High-Dimensional Statistical Inference, Sparse Modeling
Bin Yu and Martin Wainwright
National Science Foundation
This research consists of four closely-related research thrusts, all centered around the common goal of an integrated treatment of statistical and computational issues in dealing with high-dimensional data sets arising in information technology (IT). The first two research thrusts focus on fundamental issues that arise in the design of penalty-based and other algorithmic methods for regularization. Key open problems to be addressed include the link between regularization methods and sparsity, consistency and other theoretical issues, as well as structured regularization methods for model selection. Sparse models are desirable both for scientific reasons (e.g., interpretability), and for computational reasons (e.g., efficiency of performing classification or regression). The third research thrust focuses on problems of statistical inference in decentralized settings, which are of increasing importance for a broad variety of IT applications such as wireless sensor networks, computer server "farms," and traffic monitoring systems.
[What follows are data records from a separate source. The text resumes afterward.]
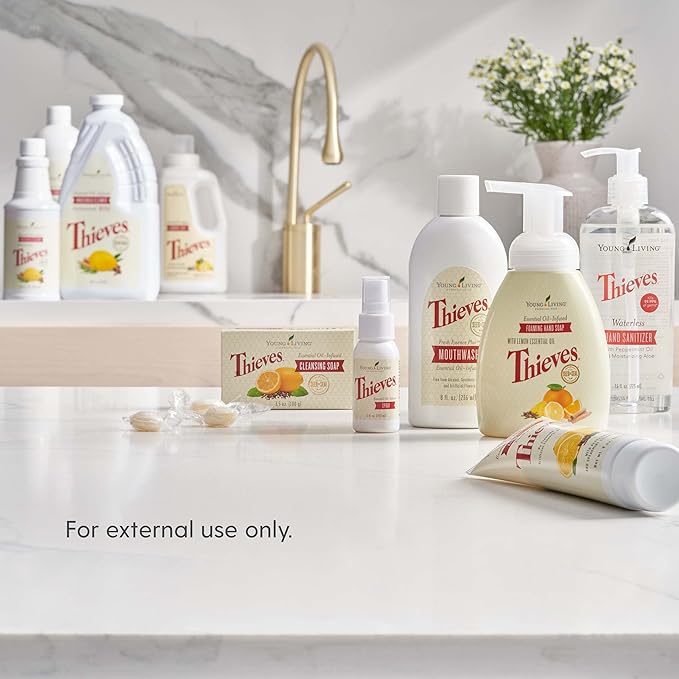 • Keep your hands germ-free with Thieves Waterless Hand Purifier, featuring a spicy-sweet aroma that everyone will love—perfect for home, office, or travel use.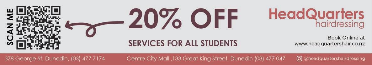ISSUE 06 03 APRIL 2023 EDITOR Fox Meyer SUB-EDITOR Nina Brown NEWS EDITOR Nina Brown FEATURES EDITOR Elliot Weir CULTURE EDITOR Annabelle Parata Vaughan KAITUHI MĀORI Skyla, Ngāti Hine STAFF WRITERS Lotto Ramsay, Jamiema Lorimer, Zak Rudin,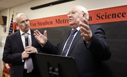Former Russian President Gorbachev, with his interpreter, speaks with students at Frederick Von Steuben Metropolitan Science Center in Chicago. Apr 23, 2012.Photo By JEFF HAYNES/REUTERS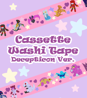 Two types of washi tape available, Autobot and Decepticon versions, featuring every cassette! 2cm width and 10m long
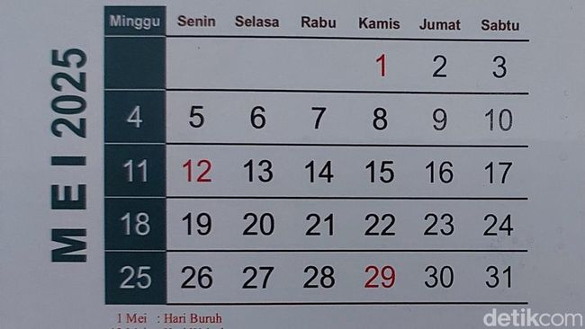 Selain libur tanggal 1 Mei, pemerintah menetapkan beberapa jadwal tanggal merah dan cuti bersama. Dalam Surat SKB 3 Menteri, pemerintah menetapkan tanggal 12 dan 29 sebagai libur nasional. Lalu, 13 dan 30 Mei cuti bersama. Berikut rincian jadwal libur Mei 2025: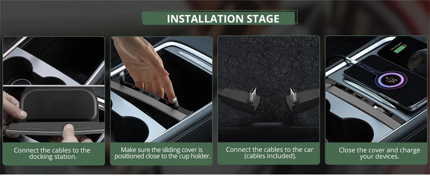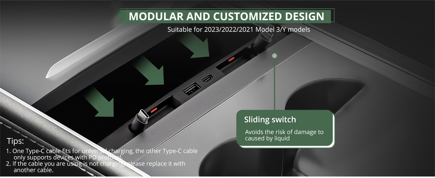 Teslula Retractable USB Hub for Tesla Model3/Y-Fast Charge&Slide Cover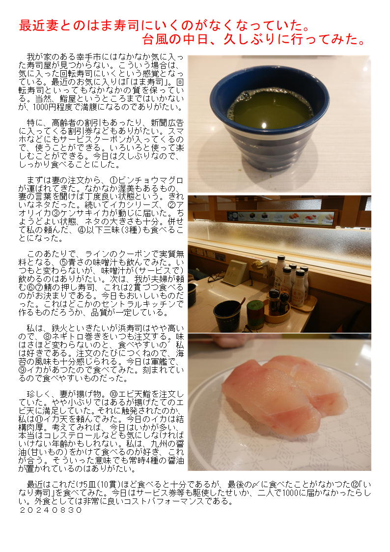 我が家のある幸手市にはなかなか気に入った寿司屋が見つからない。こういう場合は、気に入った回転寿司にいくという感覚となっている。最近のお気に入りは「はま寿司」。回転寿司といってもなかなかの質を保っている。当然、鮨屋というところまではいかないが、1000円程度で満腹になるのでありがたい。

Designing suitable data compression schemes is the key challenge. On one hand, these schemes should respect the decentralization requirements imposed by the system (e.g., due to limited power or bandwidth of communicating data); on the other hand, they should also be (near)-optimal with respect to a statistical criterion of merit (e.g., Bayes error for a classification task, MSE for a regression or smoothing problem). The fourth project addresses statistical issues centered around the use of Markov random fields, widely used for modeling large collections of interacting random variables, and associated variational methods for approximating moments and likelihoods in such models.